Scrutiny from Academia: There’s a quiet buzz that many academic domains will shift from “AI can’t do this” to “How do we harness AI that can do this better than us?” We can expect an avalanche of “AI-human collaboration” frameworks in the next wave of research papers.
A Policy Lag?: The legislative and policy realms, understandably fixated on near-term AI governance (misinformation, job displacement, data privacy), are just now waking up to the reality that models can do more than chat: they can invent new algorithms, rewrite the frontiers of mathematics, and solve specialized tasks with fewer guardrails or simpler chain-of-thought prompts. The policy dimension of these breakthroughs could be the next big story in 2025.
Philosophical Discomfort: The Gowers and Taos of the world aren’t losing their humanity, far from it—but that intangible sense of “What is left to explore when the machine is unbounded?” will only grow. On the fringes, we may see more calls for clarifying the nature of creativity, the essence of proof, and the actual meaning of “understanding.”
One fact unites these responses: o3 shattered the comfortable illusions about AI’s near-term limitations. For better or worse, “impossible” is a word the AI community will be more careful using as we move into 2025.
Note on AGI: You’ll note I’ve avoided talking about ‘AGI’ — Artificial General Intelligence, or AI that we all roughly agree is “as smart as” a human being (whatever that means). It’s not that this is an unimportant concept or dialogue; it is. But right now AGI is used too often to unhelpfully deflect conversation away from what is actually happening. Is o3 AGI? Unlikely. Is it rational and productive to take the intellectual position “It’s not AGI, therefore I don’t have to worry about it!” Absolutely not5. The rational approach is to engage with these models for what they are and what they can do today; one can even win a Nobel prize with sub-AGI-level AI.
Final Thoughts
Year-in-review pieces often end in tidy, sweeping conclusions. But the story o3 tells us defies neat summation. It simply insists we keep paying attention, keep pivoting our frameworks for what “frontier” means.
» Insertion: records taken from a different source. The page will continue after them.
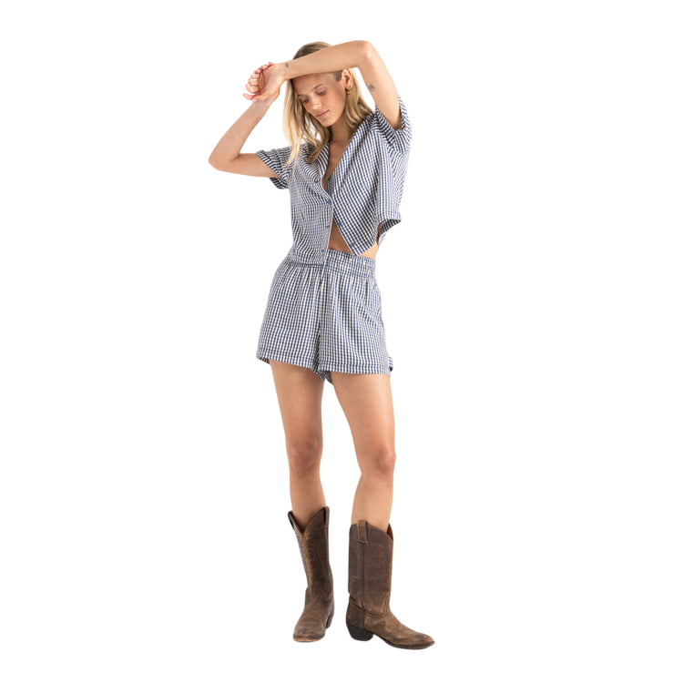 At the intersection of style and function, Roark's Paseo shorts embody meticulous craftsmanship and a sustainable approach. Crafted from breathable, eco-friendly fabric, they offer a soft feel and remarkable comfort for summer days. The yarn-dyed gingham check pattern adds timeless elegance, enhanced by subtle piping details. Their elastic waistband ensures a flexible fit, while zippered back pockets secure your belongings. Practical, they also feature utility pockets and a tool loop—ideal for alternating between outdoor exploration and relaxation.
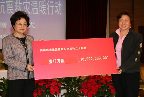 3、美國(guó)成功集團(tuán)董事長(zhǎng)李玉玲捐贈(zèng)1000萬(wàn)元人民幣;
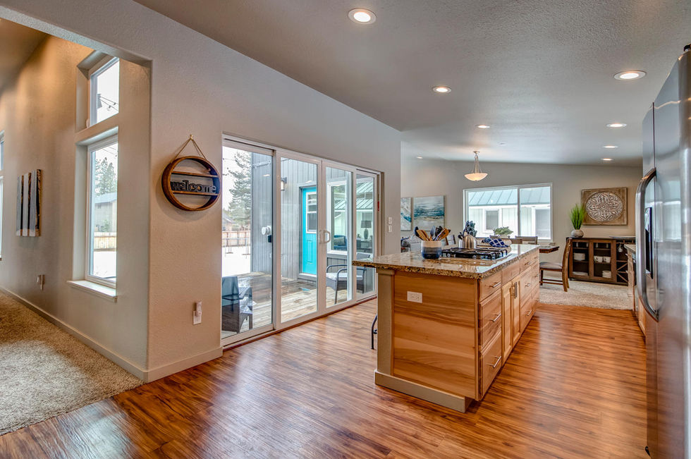 A contemporary mountain home in the heart of South Lake Tahoe. Bringing the outdoors indoors with local landscape inspired decor. A familiar color scheme to the Tahoe basin utilizing natural blues, grays, and greenery to bring it all together.
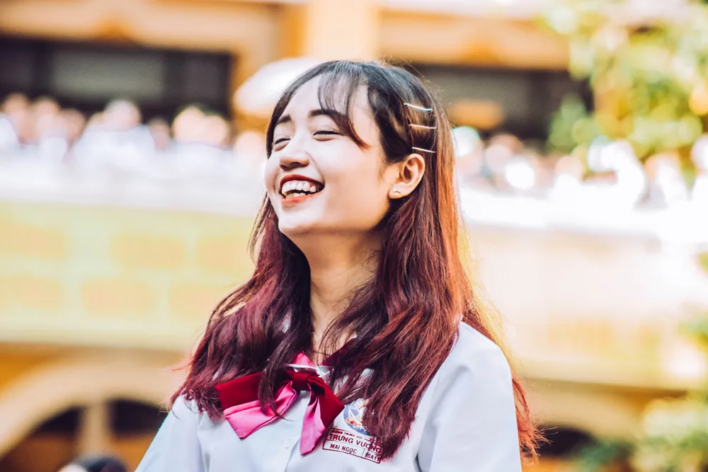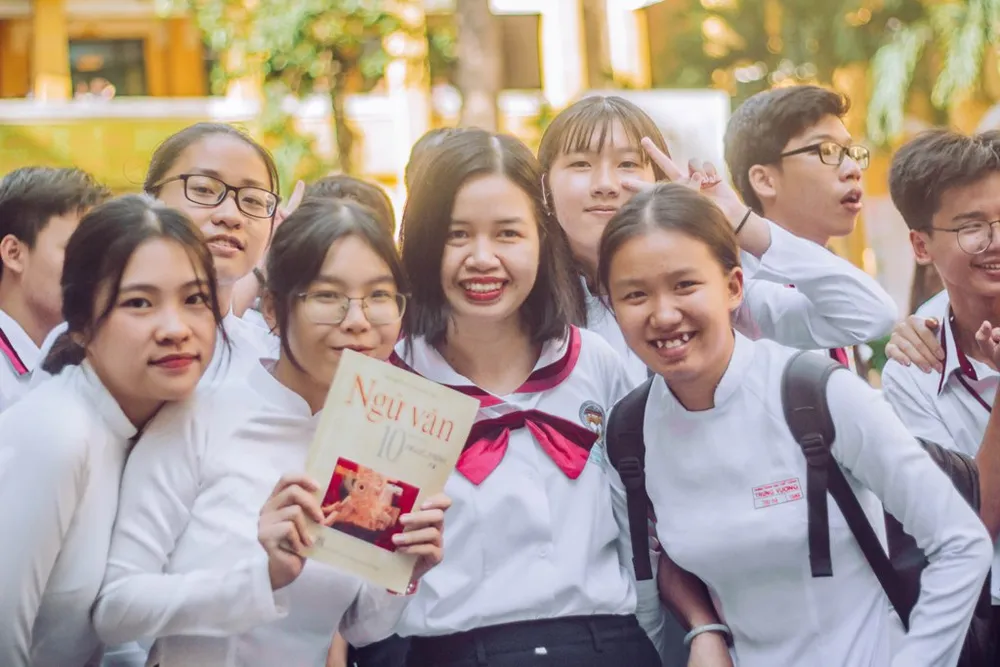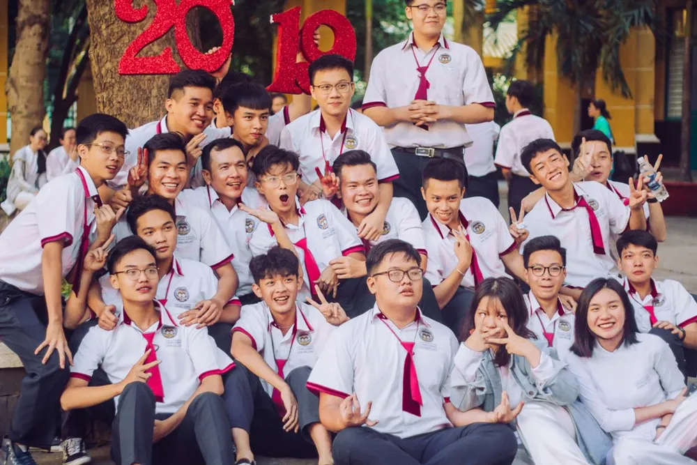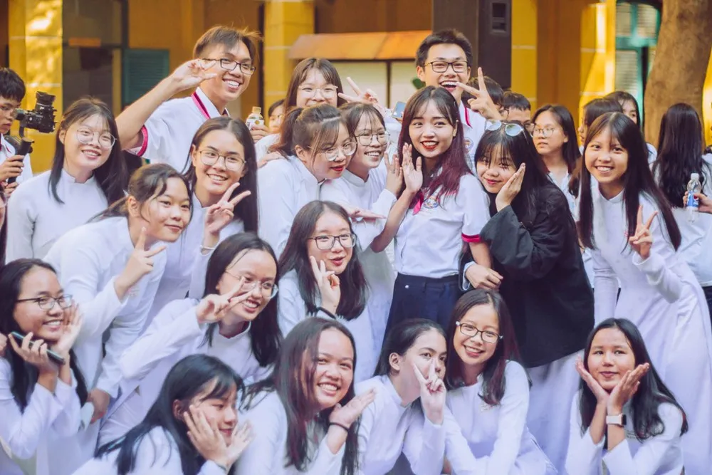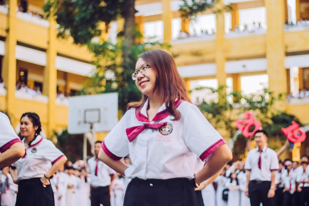 Các thầy cô giáo xuất hiện trong sự ngỡ ngàng của học trò với đồng phục vô cùng dễ thương của học sinh Trưng Vương. Ảnh: NTCC

We enter 2025 realizing that tasks like solving deep math problems, conjuring intricate creative code, or surpassing human-led reasoning aren’t coda to AI’s progress, they’re stepping stones. If the first half of this decade taught us AI can approach human-level language, the second half might demonstrate that AI can push beyond constraints in reasoning, creativity, and even scientific discovery.
So here we are, signing off 2024: The year that began with a sense of “consolidation and stability” closed with a model that politely grinned and demolished the old boundaries. If you’re feeling a bit breathless, you’re not alone. The rollercoaster is still gaining speed.
Especially “permabear” Gary Marcus.
One wonders how many times we will have to learn Rich Sutton’s Bitter Lesson before it sticks?
Though human intuition is famously suboptimal at deciding which problems are hard.
But it is seductively comforting to some.